Let's dive in and setup each one:
Tor
Tor is an network multi-layer encryption protocol, used in the Tor Network. It routs a packet across multiple nodes on the network, adding another layer of encryption on each one. That way, only the first node knows the source of the packet, and only the last node knows the destiantion of the packet. Middle nodes are completely blind to both source and destination. They merely receive an encrypted blob, add another encryption layer to it, and pass it on to the next hop.
Although Tor is a very good system, it is not perfect, since government actors are know to run exit nodes, which provide information they can use to perform correlation attacks. Also, the network is vulnerable to DDoS attacks, having been rendered pratically unusable in 2022 due to this.
More info can be found at torproject.org.
Install tor:
$ sudo apt install tor
Add this to /etc/tor/torrc:
ControlPort 9051
CookieAuthentication 1
CookieAuthFileGroupReadable 1
Add $USER to the debian-tor group:
$ sudo usermod -a -G debian-tor $USER
Restart tor:
$ sudo systemctl restart tor
That's it, tor is now running.
Bitcoin Core
Bitcoin Core is the reference implementation of the bitcoin consensus
protocol, written in C++. It is responsible for building your own copy of the blockchain,
connecting to other nodes, broadcasting transactions and deciding, based on
it's own rules, if a received transaction block is valid or not. Your
API to the network, in short.
It is actively developed by hundreds of people around the world,
and follows a strict proposal-implementation-review process before any
changes are merged to the master branch. Because of this, mistakes
that pose a threat to the network are extremely rare.
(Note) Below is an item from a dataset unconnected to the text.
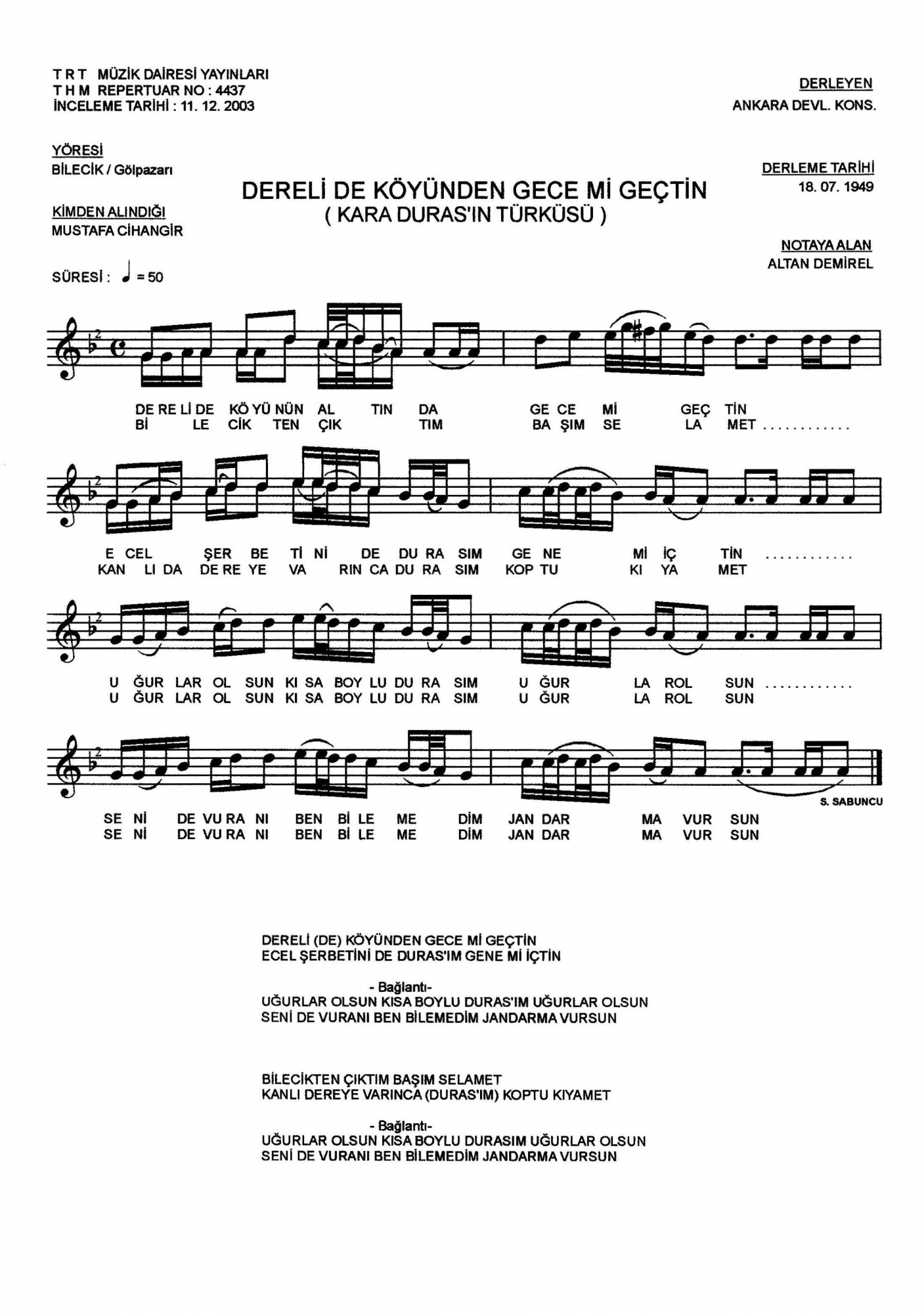 Dereli de köyünden gece mi geçtin (Rep.No: 4437)

More info can be found on github and
bitcoincore.org.
Create a folder:
$ mkdir bitcoin && cd bitcoin
Import the maintainers PGP keys, so we can assure the integrity of the binary:
$ git clone https://github.com/bitcoin-core/guix.sigs
$ gpg --import guix.sigs/builder-keys/*
Download Bitcoin Core. At time of writing (827000), we are on release v26.0:
$ wget https://bitcoincore.org/bin/bitcoin-core-26.0/bitcoin-26.0-x86_64-linux-gnu.tar.gz
Download the list of SHA256 checksums and signatures of these checksums:
$ wget https://bitcoincore.org/bin/bitcoin-core-26.0/SHA256SUMS
$ wget https://bitcoincore.org/bin/bitcoin-core-26.0/SHA256SUMS.asc
Verify the checksum of the release file:
$ sha256sum --ignore-missing --check SHA256SUMS
Verify that the SHA256SUMS file was signed by the PGP keys imported earlier:
$ gpg --verify SHA256SUMS.asc
Extract the binary and install it:
$ tar xzf bitcoin-26.0-x86_64-linux-gnu.tar.gz
$ sudo install -m 0755 -o root -g root -t /usr/local/bin bitcoin-26.0/bin/*
Bitcoin Core is installed. Now start the daemon:
$ bitcoind
Let's configure it. Stop the process and navigate to ~/.bitcoin. Create
a file named bitcoin.conf, and add the following to it (adjust it to your own environment):
# accept RPCs
server=1
# auth params for external calls
rpcuser=foo
rpcpassword=bar
# listen for RPCs on all interfaces
rpcbind=0.0.0.0
# allow RPCs from these addresses
rpcallowip=192.168.1.0/24
# index transactions
txindex=1
# only peer over Tor:
#proxy=127.0.0.1:9050
#listen=1
#bind=127.0.0.1
Let's create a systemd service for bitcoind, so it starts on boot and restarts on failure
automatically. Go to /etc/systemd/system/ and create a file named bitcoind.service:
[Unit]
Description=Bitcoin Core Daemon
After=network-online.target
[Service]
User=<user>
Type=simple
Restart=on-failure
ExecStart=/usr/local/bin/bitcoind
[Install]
WantedBy=multi-user.target
Then, activate and start it:
$ sudo systemctl enable bitcoind.service
$ sudo systemctl start bitcoind.service
Now, let it sync. This may take a while, from hours to days,
depending on your CPU.
Once it is synched to 100%, move to the next step.
Electrs
Electrs is a Rust implementation of the Electrum Server. It indexes all adresses and transactions on the blockchain, whereas Bitcoin Core only indexes those that concern the user's wallet. This allows quick queries for any address.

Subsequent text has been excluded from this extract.